June 2017
Debbie Falvey, DC Proposition Lead at Aon Employee Benefits
By next year, some seven million people will be saving into a pension scheme as auto enrolment reaches all employees. As a result, the Government calculates there has been a 37% increase in the numbers saving into a private sector pension scheme with a total of 16 million people now taking part.
So far, so good.
The quandary is that the inertia that has worked so wonderfully in ensuring low opt-out rates is of no use in the next challenge. Namely, getting employees to engage with the pension scheme they are saving into.
For employers, this is no easy task. The cost pressures of higher contributions will leave them deciding how much they have got to spend on promoting their pensions schemes. The greater numbers of people involved, means giving people face-to-face advice is less likely tangible and consequently the bulk of members are probably getting little support. The answer is almost certainly greater deployment of technological solutions such as modelling software to show employees how much income they will receive at what ages, and at what level of contributions. There will also be modelling needed to help them make decisions on how they will manage drawdown of their retirement pots.
Before we can get employees to look at such software, a reality check is needed that most people are never going to start the day waking up thinking about pensions. So, for this reason targeted communications need to be delivered at key points where engagement is more likely e.g around people's birthdays, particularly the more significant ones, or pay rises. The advent of the pensions dashboard being developed in collaboration by the pensions industry and the Government, scheduled for 2019, will also help by showing employees the breadth of their pension saving in one place.

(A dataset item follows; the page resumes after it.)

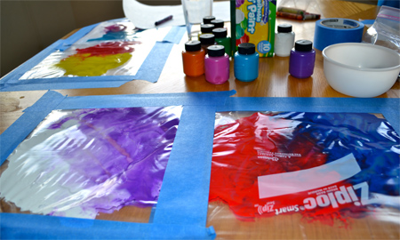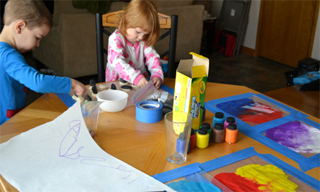 On one side of the table I set up some paint in ziplock bags. I've seen this activity done a ton on Pinterest. You just put some paint blobs in ziplock bags and tape them down. Buddy doesn't like getting his hands messy, so this was a good solution for clean play. Even still it took a little convincing because he dislikes paint so much. Of course, once we showed him how to draw letters in the paint, he was sold.
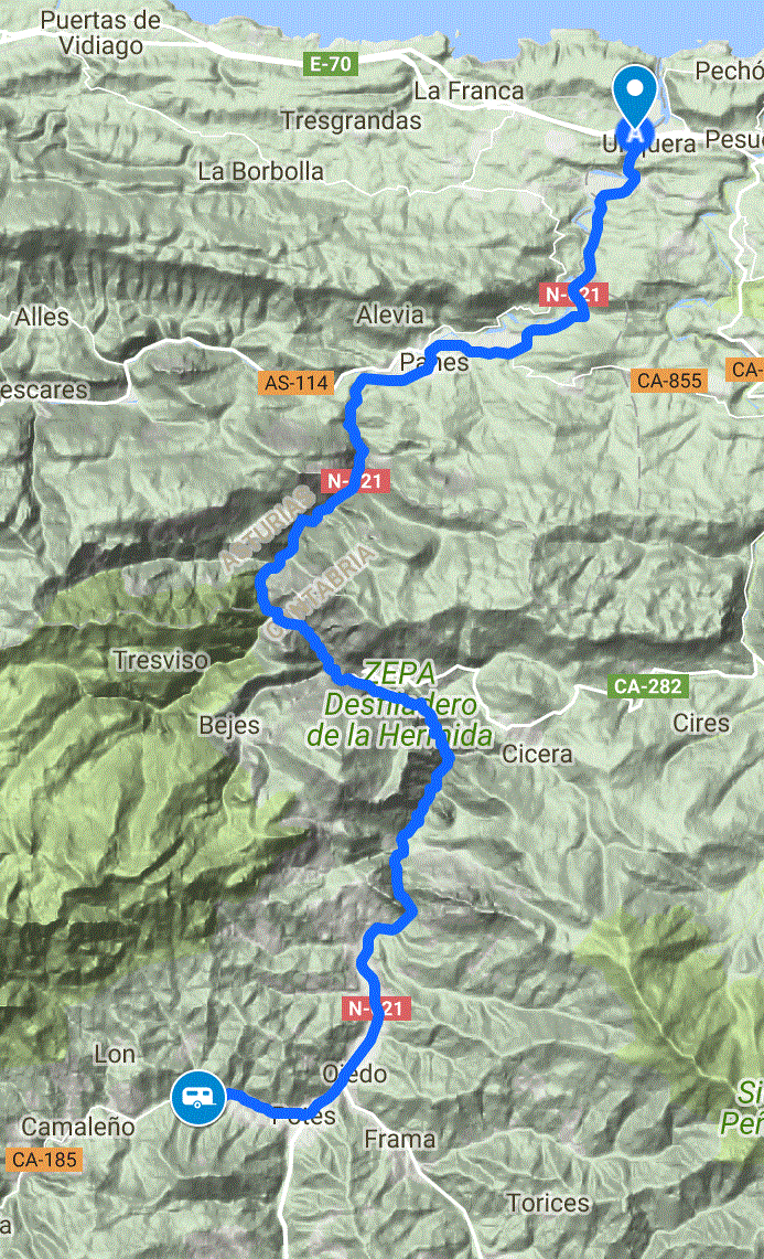 The journey on the A8 passed through marvellous scenery again but there were a distinct lack of places to refuel the car without leaving the motorway. This can sometimes be a pain with the caravan in tow. The journey progress changed markedly at the point we turned off of the motorway near Bustio onto the N621.

Three reasons why getting engagement right is going to be key for the ongoing success of auto-enrolment:
- Not opting out From April next year, the minimum employee contribution will rise from 1% to 3% of salary, while employer contributions will rise from 1% to 2%. The fear is that inertia might not work so well at 3% as it did a 1%.
Notably, Aon's "Defined Contribution Member Survey" from June 2016 which quizzed 2,004 members of DC pension plans, found that 40% were actively seeking to pay off debt or their mortgage rather than save more into their pension.
- Retirement planning Once employees are in their 40s they need to have some awareness of what their retirement plans will look like. They need to have an idea of the age at which they would like or are able to retire, and how much they will have to live on at that age.
- Adequate replacement rates Auto-enrolment has planned rises in contributions to 8%, but even at this level, employees are likely to be disappointed with the income that will accrue from such savings. Ensuring employees are maximising often more generous contribution matching rates might be one of the easiest ways of improving replacement rates.
A word should be said on investments. Getting people engaged in their investment choices is hard and is probably not the best use of an employer's time. Ideally, DC scheme investments they should run like a defined benefit scheme, where investment decisions happen in the background on behalf of the member. This is one of the solutions Aon offers through its delegated DC service which is available in both its GPP and Master Trust scheme. This means the often heard employee plea that "someone does the investments for me" can be delivered and hard pushed employer budgets can be more wisely spent on key engagement points that help their employees make better pension decisions.